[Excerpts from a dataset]
────

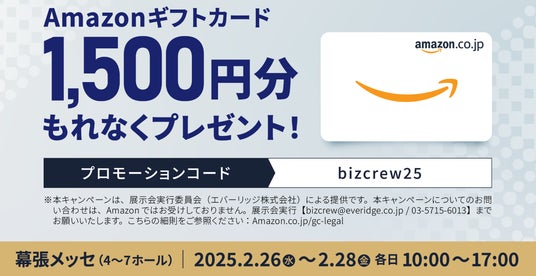 ・Amazonギフトカードは、上記条件をすべて満たしている来場者様を対象に、会期1か月後を目安に事務局よりメールにて進呈いたします。
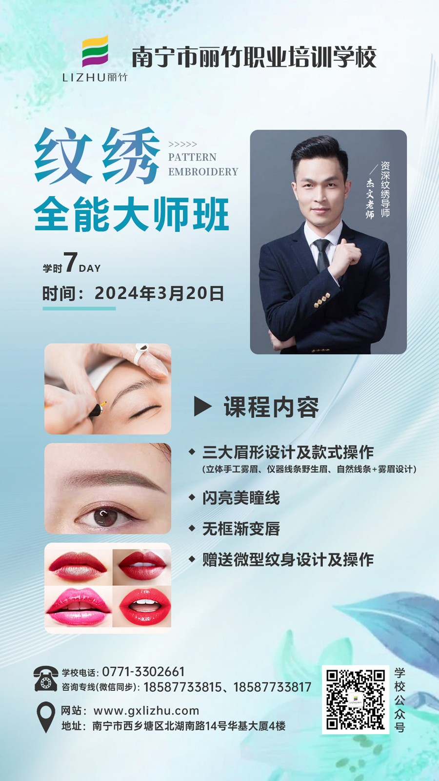 南宁纹绣培训、南宁纹绣学校排名:想在南宁学纹绣,想知道南宁纹绣学校哪家好?南宁纹绣学校排行榜推荐你,可以到南宁纹绣培训学校(丽竹纹绣培训学校),去了解即将在3月20日开班的纹绣全能大师班的详细课程内容以及报名优惠活动。
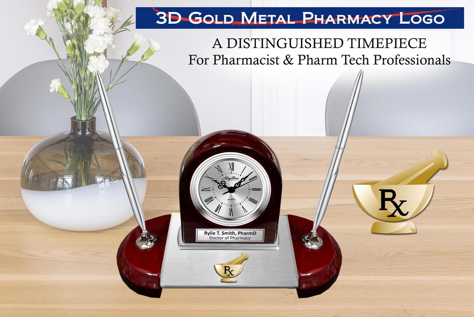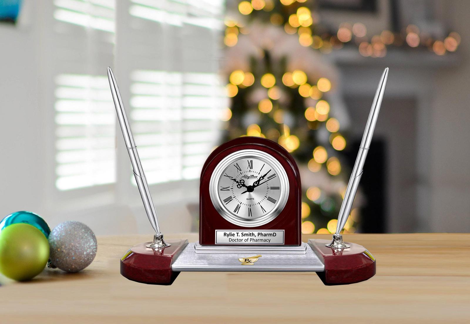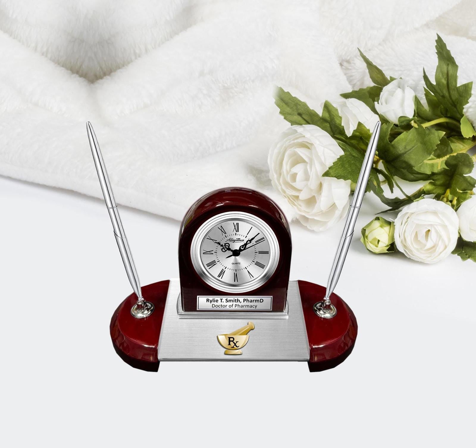 Custom engraved table clock with silver engraving plaque and a personal message or retirement wishes to the mortar pestle Rx symbolizes the importance of appreciation and recognition.
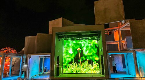 NHK関連業務で培ったハイエンドな映像制作技術を活かし、さまざまな展示映像を制作しています。全国各地の博物館や水族館、国立の施設に加え、大阪万博でも映像制作を担ってきました。4Kや8K、12Kといった高画質映像を活かした超大型スクリーンコンテンツや、360度VRを使ったイマーシブコンテンツ、さらには視聴者が操作できるインタラクティブコンテンツなど、最先端の撮影技術を活かして制作しています。
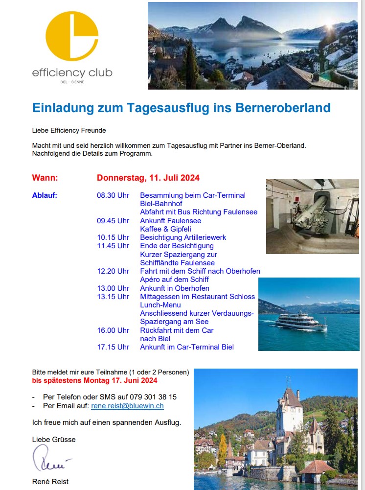 Tagesausflug Juli - Efficiency-Biel-Bienne
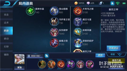 影忍之足→红莲斗篷→不死鸟之眼→霸者重装→反伤刺甲→暴烈之甲
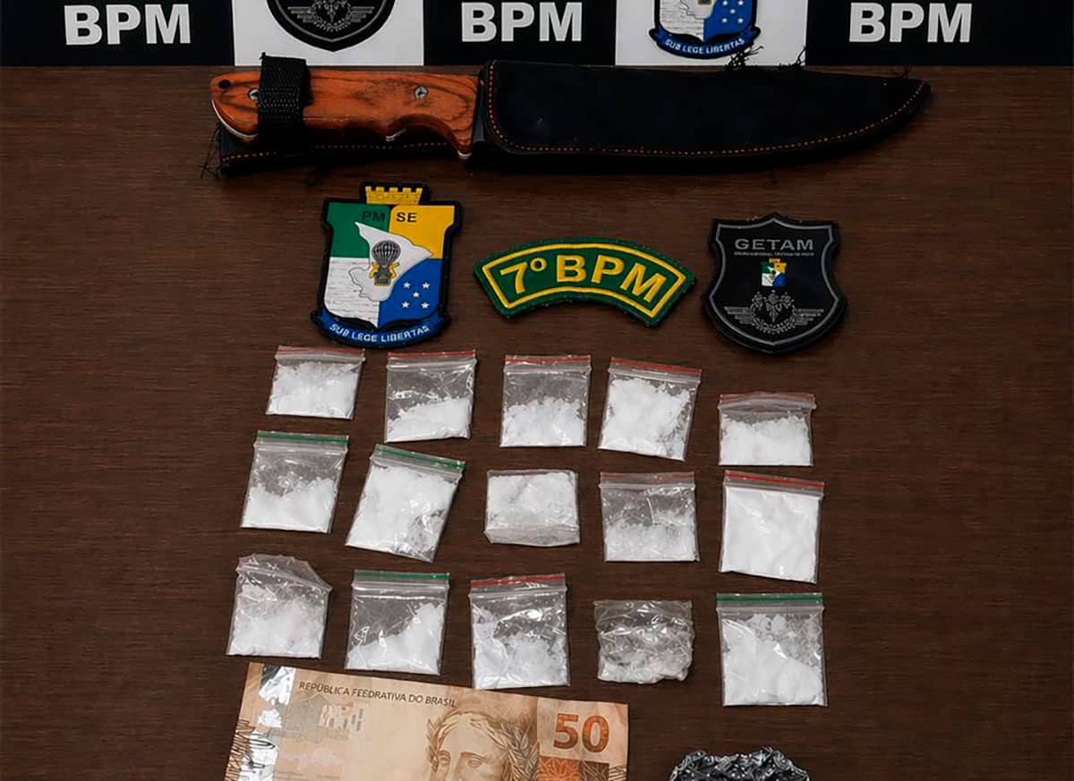 Durante as diligências, dois indivíduos foram identificados. Os policiais observaram que um deles apresentava um volume na cintura. Ao ser questionado, ele informou que se tratava de uma faca. Na abordagem e revista pessoal, foram encontradas embalagens contendo substância análoga à cocaína escondidas junto ao objeto.
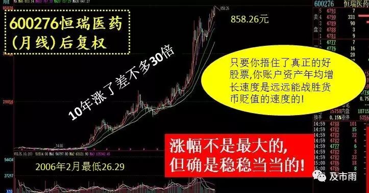 真正的长牛复合大收益的不仅仅是茅台,白药,还有类似恒瑞医药这样的,恒瑞几乎是让人忘记的品种,很少人去长捂,这个我讲了很多次了,人性的短板使然,因为恒瑞也跟白药一样历史上拉个涨停都很少见到,但是它的涨幅会小吗?10年也涨了30来倍啊,就算这10年一线城市房价涨了10倍,但如果你10年前26万元恒瑞放着不懂,现在也有858万啊,你看看下面这张图就知道了:
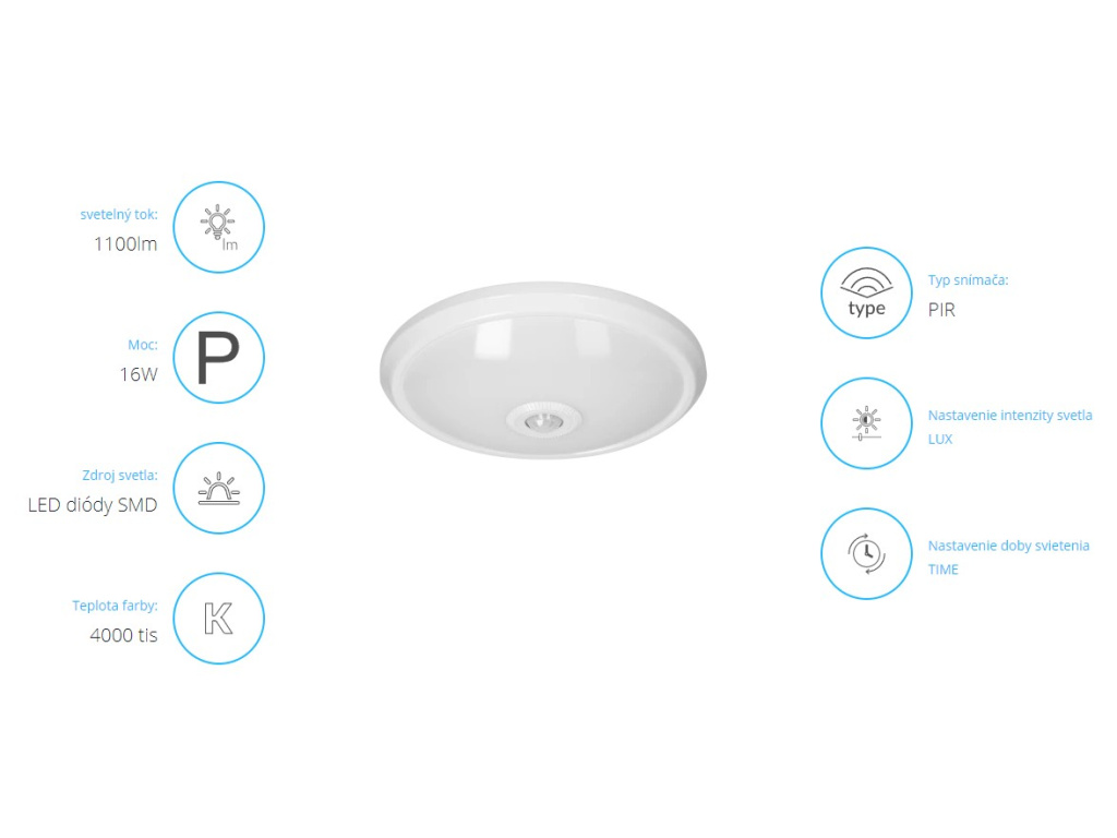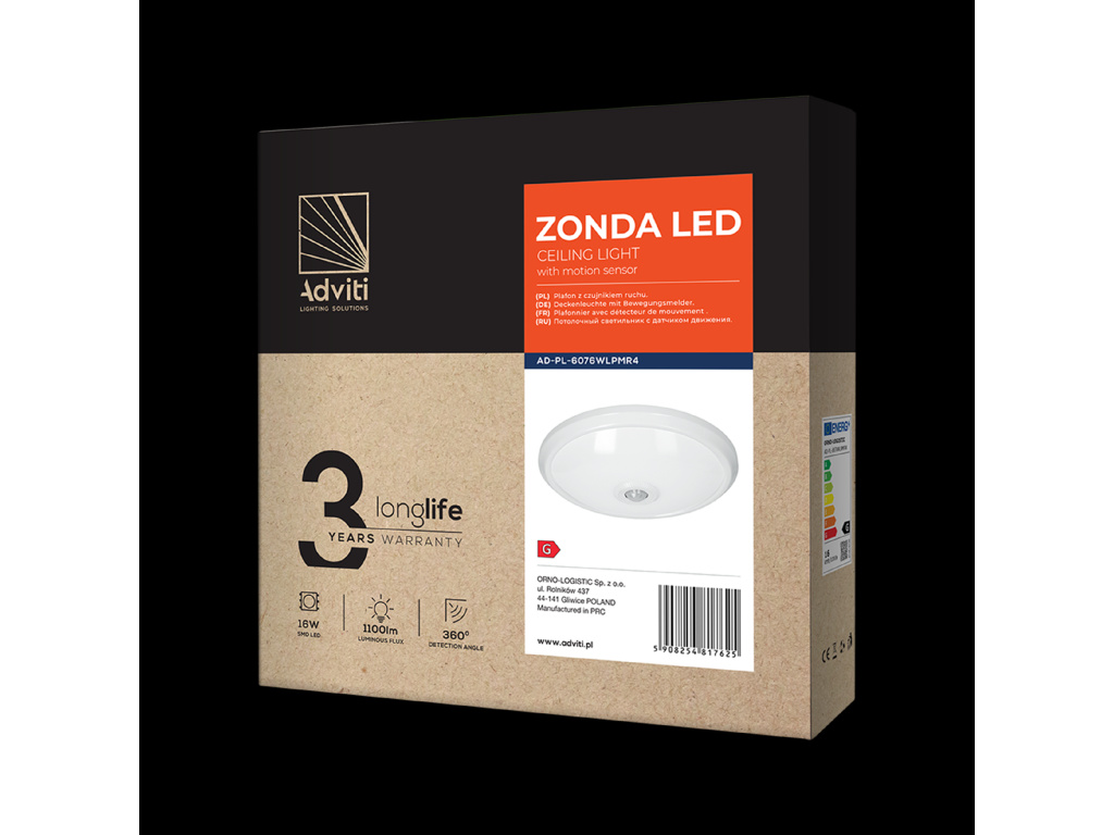 ✾ LED stropné svietidlo ZONDA so senzorom 16W, 1100lm, okrúhle, 4000K [AD-PL-6076WLPMR4]

────

**BRIEF:**
Exclude the pictures and repeat the entries word for word.

**WRITTEN ANSWER:**
 ・Amazonギフトカードは、上記条件をすべて満たしている来場者様を対象に、会期1か月後を目安に事務局よりメールにて進呈いたします。
 南宁纹绣培训、南宁纹绣学校排名:想在南宁学纹绣,想知道南宁纹绣学校哪家好?南宁纹绣学校排行榜推荐你,可以到南宁纹绣培训学校(丽竹纹绣培训学校),去了解即将在3月20日开班的纹绣全能大师班的详细课程内容以及报名优惠活动。
 Custom engraved table clock with silver engraving plaque and a personal message or retirement wishes to the mortar pestle Rx symbolizes the importance of appreciation and recognition.
 NHK関連業務で培ったハイエンドな映像制作技術を活かし、さまざまな展示映像を制作しています。全国各地の博物館や水族館、国立の施設に加え、大阪万博でも映像制作を担ってきました。4Kや8K、12Kといった高画質映像を活かした超大型スクリーンコンテンツや、360度VRを使ったイマーシブコンテンツ、さらには視聴者が操作できるインタラクティブコンテンツなど、最先端の撮影技術を活かして制作しています。
 Tagesausflug Juli - Efficiency-Biel-Bienne
 影忍之足→红莲斗篷→不死鸟之眼→霸者重装→反伤刺甲→暴烈之甲
 Durante as diligências, dois indivíduos foram identificados. Os policiais observaram que um deles apresentava um volume na cintura. Ao ser questionado, ele informou que se tratava de uma faca. Na abordagem e revista pessoal, foram encontradas embalagens contendo substância análoga à cocaína escondidas junto ao objeto.
 真正的长牛复合大收益的不仅仅是茅台,白药,还有类似恒瑞医药这样的,恒瑞几乎是让人忘记的品种,很少人去长捂,这个我讲了很多次了,人性的短板使然,因为恒瑞也跟白药一样历史上拉个涨停都很少见到,但是它的涨幅会小吗?10年也涨了30来倍啊,就算这10年一线城市房价涨了10倍,但如果你10年前26万元恒瑞放着不懂,现在也有858万啊,你看看下面这张图就知道了:
 ✾ LED stropné svietidlo ZONDA so senzorom 16W, 1100lm, okrúhle, 4000K [AD-PL-6076WLPMR4]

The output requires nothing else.